**LISTED RECORDS:**
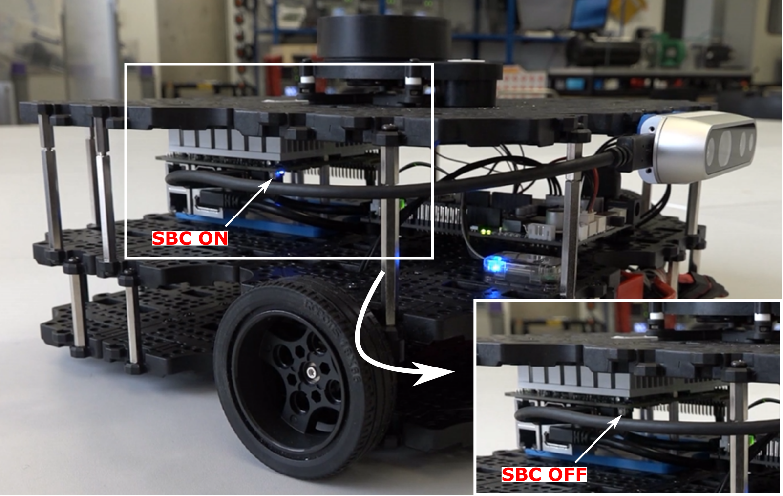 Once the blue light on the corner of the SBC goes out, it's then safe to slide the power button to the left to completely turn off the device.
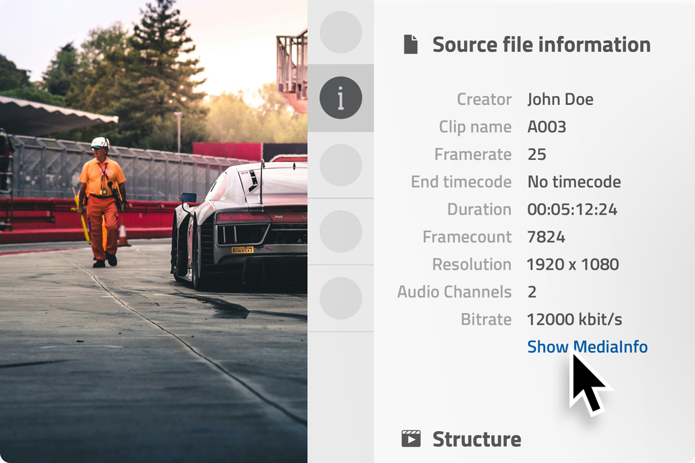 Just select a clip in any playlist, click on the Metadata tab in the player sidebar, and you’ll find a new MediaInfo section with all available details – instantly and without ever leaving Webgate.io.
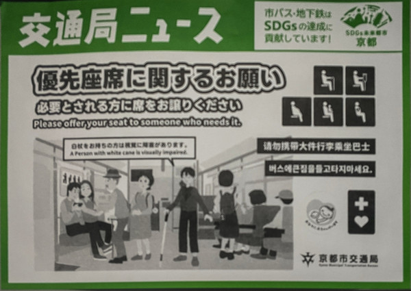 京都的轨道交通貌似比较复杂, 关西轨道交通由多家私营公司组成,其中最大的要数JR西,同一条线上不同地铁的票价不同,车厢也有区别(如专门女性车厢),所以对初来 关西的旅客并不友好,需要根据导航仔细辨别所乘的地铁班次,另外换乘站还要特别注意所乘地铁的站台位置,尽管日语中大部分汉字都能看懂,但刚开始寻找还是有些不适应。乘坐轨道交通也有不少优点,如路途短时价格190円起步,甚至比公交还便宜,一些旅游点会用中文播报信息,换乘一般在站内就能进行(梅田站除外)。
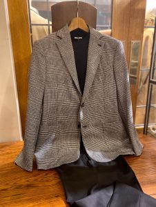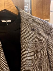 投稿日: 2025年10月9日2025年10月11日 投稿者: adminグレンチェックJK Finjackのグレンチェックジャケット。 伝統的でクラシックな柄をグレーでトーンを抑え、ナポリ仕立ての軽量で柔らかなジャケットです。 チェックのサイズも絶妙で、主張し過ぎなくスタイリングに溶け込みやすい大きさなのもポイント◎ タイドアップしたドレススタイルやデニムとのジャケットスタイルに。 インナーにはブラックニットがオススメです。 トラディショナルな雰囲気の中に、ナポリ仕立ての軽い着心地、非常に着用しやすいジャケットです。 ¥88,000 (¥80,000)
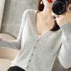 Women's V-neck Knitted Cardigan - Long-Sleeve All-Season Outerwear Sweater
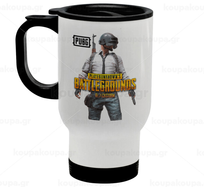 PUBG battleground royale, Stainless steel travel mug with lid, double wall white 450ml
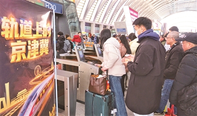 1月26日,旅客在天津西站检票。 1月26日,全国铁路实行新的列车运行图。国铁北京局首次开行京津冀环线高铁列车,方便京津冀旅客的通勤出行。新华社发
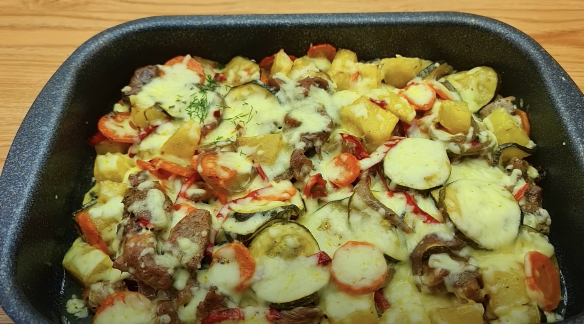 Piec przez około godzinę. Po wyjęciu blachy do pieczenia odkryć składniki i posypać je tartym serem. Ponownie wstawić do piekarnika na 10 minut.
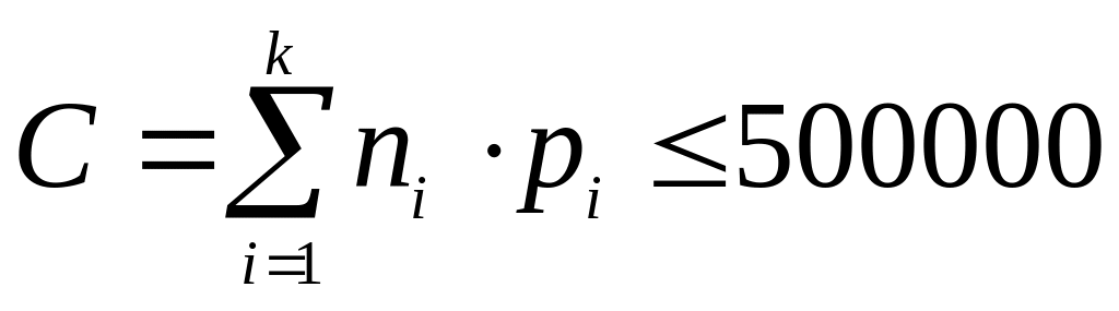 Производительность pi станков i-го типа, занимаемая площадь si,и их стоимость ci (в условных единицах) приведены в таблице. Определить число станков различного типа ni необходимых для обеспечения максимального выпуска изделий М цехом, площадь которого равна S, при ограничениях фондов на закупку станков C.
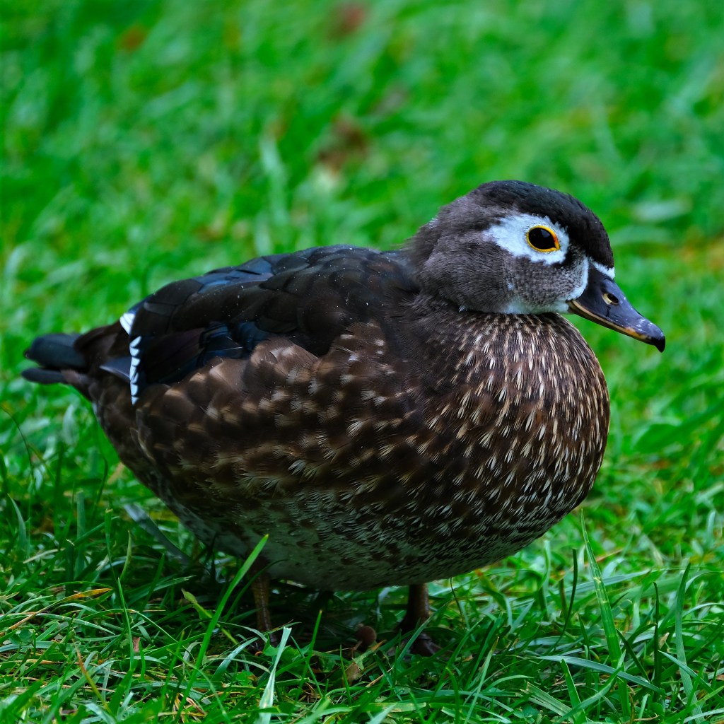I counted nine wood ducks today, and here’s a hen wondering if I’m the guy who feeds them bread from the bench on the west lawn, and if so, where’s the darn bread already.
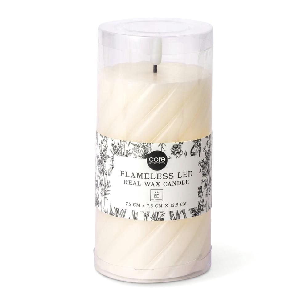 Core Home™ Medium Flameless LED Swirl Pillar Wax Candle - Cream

**ASSIGNED TASK:** Reproduce the lines from the line containing "Piec przez około" through the end of the records above, exactly and inclusively, omitting pictures.

**COMPLETED EXERCISE:**
 Piec przez około godzinę. Po wyjęciu blachy do pieczenia odkryć składniki i posypać je tartym serem. Ponownie wstawić do piekarnika na 10 minut.
 Производительность pi станков i-го типа, занимаемая площадь si,и их стоимость ci (в условных единицах) приведены в таблице. Определить число станков различного типа ni необходимых для обеспечения максимального выпуска изделий М цехом, площадь которого равна S, при ограничениях фондов на закупку станков C.
I counted nine wood ducks today, and here’s a hen wondering if I’m the guy who feeds them bread from the bench on the west lawn, and if so, where’s the darn bread already.
 Core Home™ Medium Flameless LED Swirl Pillar Wax Candle - Cream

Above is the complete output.